Se fue uno de los más grandes poetas Cajamarquinos de todos los tiempos
“Marco Antonio debajo de un árbol”
Eduardo González Viaña.
El primer poeta que conocí no parecía un poeta sino un torero. Mientras lo anunciaban para hacer una lectura, buscaba
entre el público a una chica guapa, le sonreía, le dedicaba uno de sus poemas como quien le tira la capa, y cualquiera podía pensar que iba a irse volando con ella. Con la capa.
Tenía Marco Antonio Corcuera 40 años, un terno plomo, una camisa blanca, creo que también un clavel en la solapa y una corbata negra, pero era tal su flacura que tan sólo se le recordaba la corbata negra. El saco plomo le flotaba en el aire.
Creo que hasta los zapatos –marrones, evangelistas- se quedaban sin él. Se me ocurre ahora pensar que ayunaba para semejarse a Vallejo y que cultivaba esa magrura para que de él solamente quedaran en la audiencia el recuerdo un tic nervioso y una voz nasal que iba repitiendo que “Debajo del árbol/ otea la rama./ Corazón tendido / como una baraja.”
Tenía éxito. Su poesía lo rodeaba de un halo que lo hacía parecer diferente e inquietante. Estoy hablando de la primera vez que lo vi como un poeta, y lo recuerdo flotando a las siete de la noche en torno de la plaza de armas de Cajamarca y rodeado por un grupo de muchachas muy guapas.
No sé si yo tenía 8 o 10 años, pero estaba viajando con mi padre a un fundo agrícola que él poseía en los andes peruanos y nos habíamos detenido antes en la ciudad del Cumbe para escuchar el recital poético de Marco Antonio. El poeta viajaba con nosotros porque, además de primo de mi padre, era uno de los abogados de su estudio.
-Papá, ¿por qué camina mi tío rodeado por todas esas chicas?- pregunté con un poco de envidia.
-Por una buena razón, hijo. Es un poeta- fue su respuesta y también una buena razón para que toda la vida y sin ningún éxito me decidiera a emularlo.
Poesía es lo que más ha hecho Marco Antonio. Además de la suya, se ha pasado cincuenta años editando “Cuadernos trimestrales de poesía”, una revista que ha dado la vuelta al mundo y que ha contado entre sus colaboradores, además de los más importantes poetas peruanos, a líridas como Octavio Paz y Pablo Neruda.
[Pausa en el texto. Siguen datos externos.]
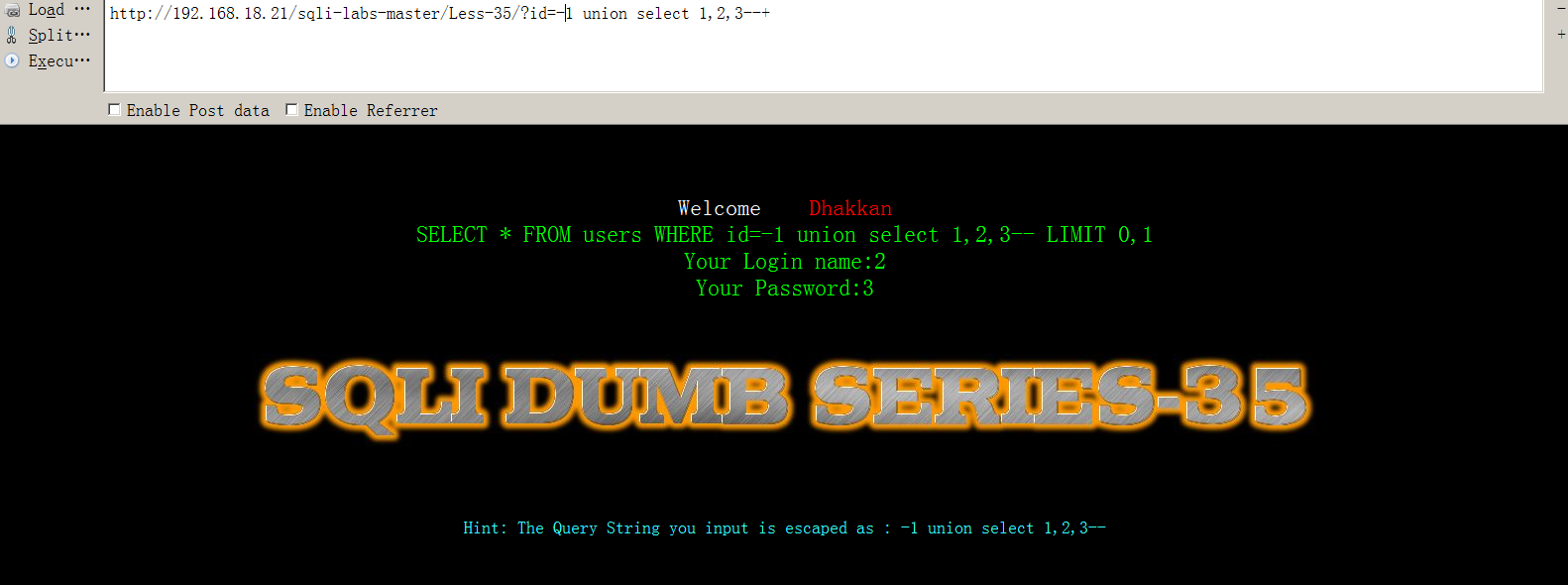 打开本关的index.php文件发现,与Less 33相同点在于都使用了addslashes()函数进行了过滤,不同点在于本关的id值没有包裹,意思也就是说注入只需要避免单引号的使用,均转换为ascii码,其余与Less 33相同。。。

Puede decirse, además, que en los tiempos de la censura y el silencio forzado de la España de Franco, la editorial Losada, en Buenos Aires, Argentina, y los “Cuadernos Trimestrales” en Trujillo, Perú, fueron los portavoces de las nuevas y mayores creaciones poéticas en el idioma castellano.
Junto con ello, Corcuera estableció en 1960 un premio quinquenal llamado “El Poeta Joven del Perú” destinado a descubrir y consagrar a los creadores que todavía no hubieran llegado a los 30 años. Entre los nombres que ese concurso ha dado a conocer se hallan los de Javier Heraud, César Calvo, José Watanabe, Antonio Cillóniz, Beethoven Medina., Luis Eduardo García y Manuel Ibáñez Rossaza, entre otros.
Una docena de títulos hacen su propia bibliografía, y entre ellos sobresalen “Semilla en el paisaje”, “Sendero junto al trino” y “La luz incorporada”. Hasta hoy nos hemos quedado esperando unas voluminosas obras completas que iban a ser la vibrante celebración de sus ochenta. Se las vimos y leímos en prueba de imprenta, pero el rigor autocrítico del poeta ha detenido su lanzamiento.
“Debajo del árbol/ la sombra se duerme./ Corazón tendido/ sobre la corriente” Generosos amigos comunes como los doctores Víctor Julio Ortecho y Hillmer Zegarra me acaban de llamar por teléfono desde el Perú para informarme que el poeta ha sufrido un infarto cerebral–ahora tiene 82 años- y está recluido en una clínica en un proceso que todavía no tiene pronóstico.
Por eso estoy recordando uno de sus poemas y le acabo de escribir una carta pidiéndole que no se duerma y que navegue contra la corriente. Le he solicitado que se levante y que no olvide que en las próximas semanas ambos estaremos de cumpleaños. Le he hecho saber que llegaré en diciembre para presentar un nuevo libro que me está publicando la editorial “Alfaguara” y que deseo que me acompañe en ese acto.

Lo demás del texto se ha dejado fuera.